Conflict events can disrupt immunization programs and lead to attacks on health workers

This modeling study examined the impact of conflict events on disease control efforts during an Ebola outbreak in the Democratic Republic of the Congo. The model used a timeline of conflict events and an ethnographic appraisal of attacks on health care workers and treatment centers to estimate their impact on the epidemic trajectory of Ebola. Overall, the population-level effectiveness of vaccination was reduced by 43% due to disruptive conflict events. The researchers also found that declining incidence of Ebola was repeatedly reversed by conflict events. This framework can be extended to other diseases and regions experiencing conflict.

Investments in polio eradication in Africa improved overall immunization systems and increased coverage of routine vaccinations

A systematic review of 8 African countries that had wild polio virus transmission and significant polio eradication activities found evidence that the huge investments made in polio have strengthened capacity in almost all aspects of the overall immunization systems, especially in the areas of microplanning, service delivery, capacity-building (especially supportive supervision and on-the-job training), and program management.
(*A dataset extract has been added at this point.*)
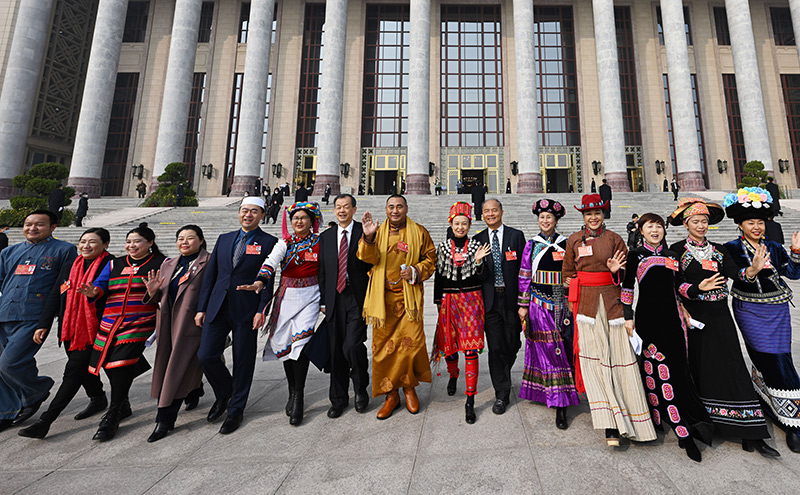 3月10日,中国人民政治协商会议第十三届全国委员会第五次会议在北京人民大会堂闭幕。这是闭幕会后,委员们走出人民大会堂。新华社记者 金良快 摄
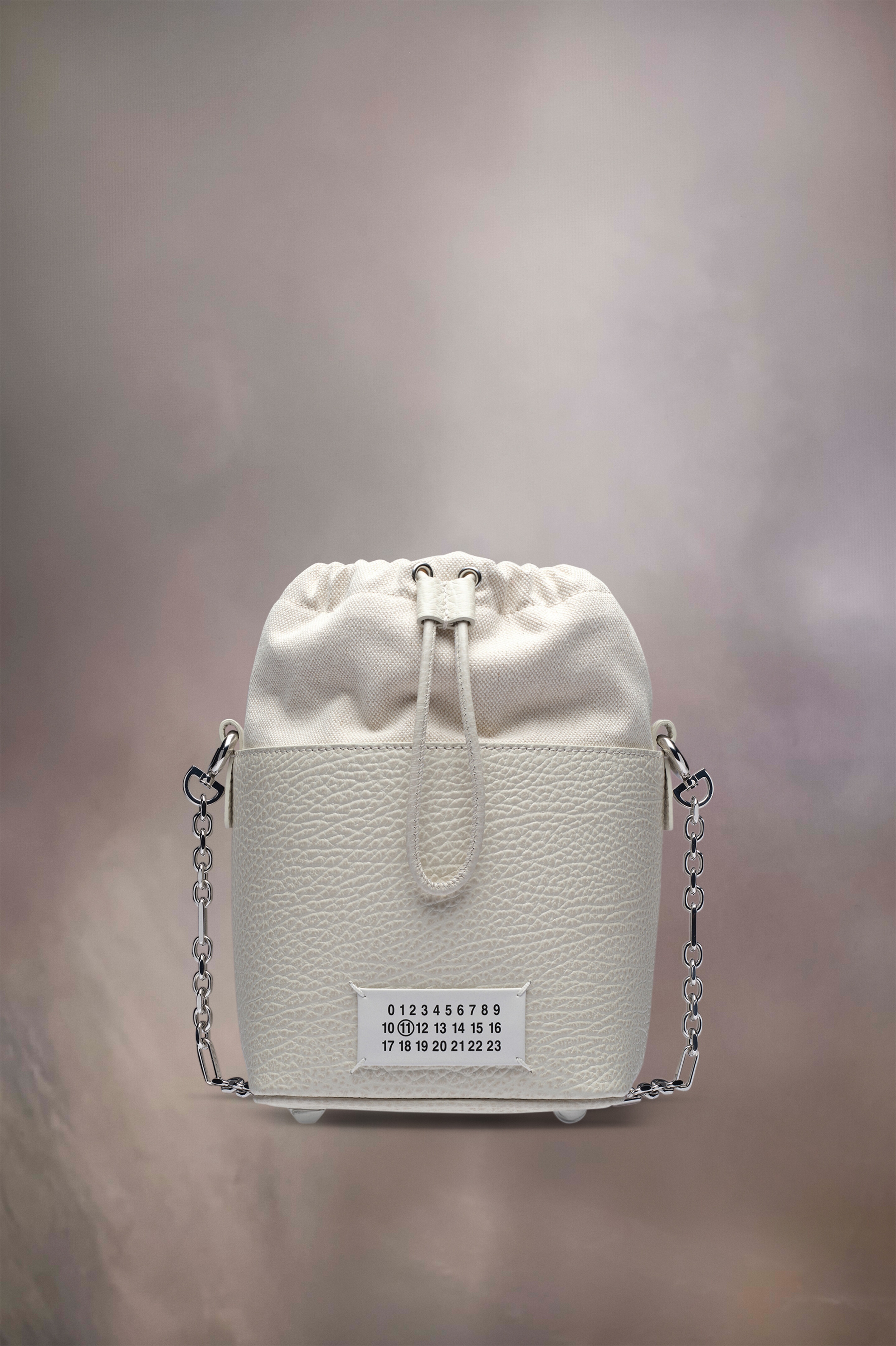 The 5AC bucket small, crafted from grainy leather, features a top handle and a chain shoulder strap. It is accented with the logo label at the front. The iconic 5AC line takes its name from the French word 'sac' (bag). It explores the Maison's Anonymity of the lining concept. The bag's metal rivets are covered in leather by hand, with the metal visible only where needed, for a clean aspect. Artisanal details include the bag's exposed edges hand-painted in tone with the leather. Product Details Item ID S61WG0035P4348H9677 Outer: Grainy calf leather with soft touch Lining: Cotton Detachable and adjustable chain and leather shoulder strap Removable handle Logo label at the front Drawstring closure Internal Four stitches Internal logo stamping Internal flat pocket Metal feet Clean with a specific leather cleaner product and a damp microfiber cloth Made in Italy 14 cm x 12 cm x 15 cm/5,5 in x 5 in x 6 in (Height x Width x Length) Height refers to the closed bag with lining and label inside Handle drop: 9 cm/3,5 in Max. shoulder strap drop: 60 cm/23,6 in Min. shoulder strap drop: 52 cm/20,4 in A digital certificate provided by the Aura Blockchain Consortium guarantees the authenticity of this product. Discover more on auraluxuryblockchain.com/#about

This led to substantial increases in coverage of other routine vaccinations – BCG, DPT, measles – in all 8 countries over a 25-year period (1989-2014), including a more than a 3-fold increase in DPT3 coverage in 2 countries and a more than a 2-fold increase in 3 other countries.

Efforts to eradicate polio have also led to improved access to other vaccines

The expertise and assets gained through efforts to eradicate polio at least partially explain the improvement between 2013 and 2015 in vaccination coverage of DPT3 in six out of ten “focus” countries of the Polio Eradication Endgame strategic plan. This includes substantial increases in vaccination rates in India, Nigeria, and Ethiopia, which, combined, reduced the number of children not fully vaccinated with DPT by 2 million in 2 years.

Disease outbreaks can be associated with school closures, food insecurity, and health system disruptions

In a 2018 study, researchers describe the devastating and far-reaching impacts of the 2014 Ebola outbreak in West Africa, including more than half a million people experiencing food insecurity, school closures lasting more than 7 months, tens of thousands of children orphaned, and a huge proportion of the health workforce killed by the disease, leading to infant, maternal, and child deaths due to a lack of skilled health workers and a 97% reduction in surgical capacity.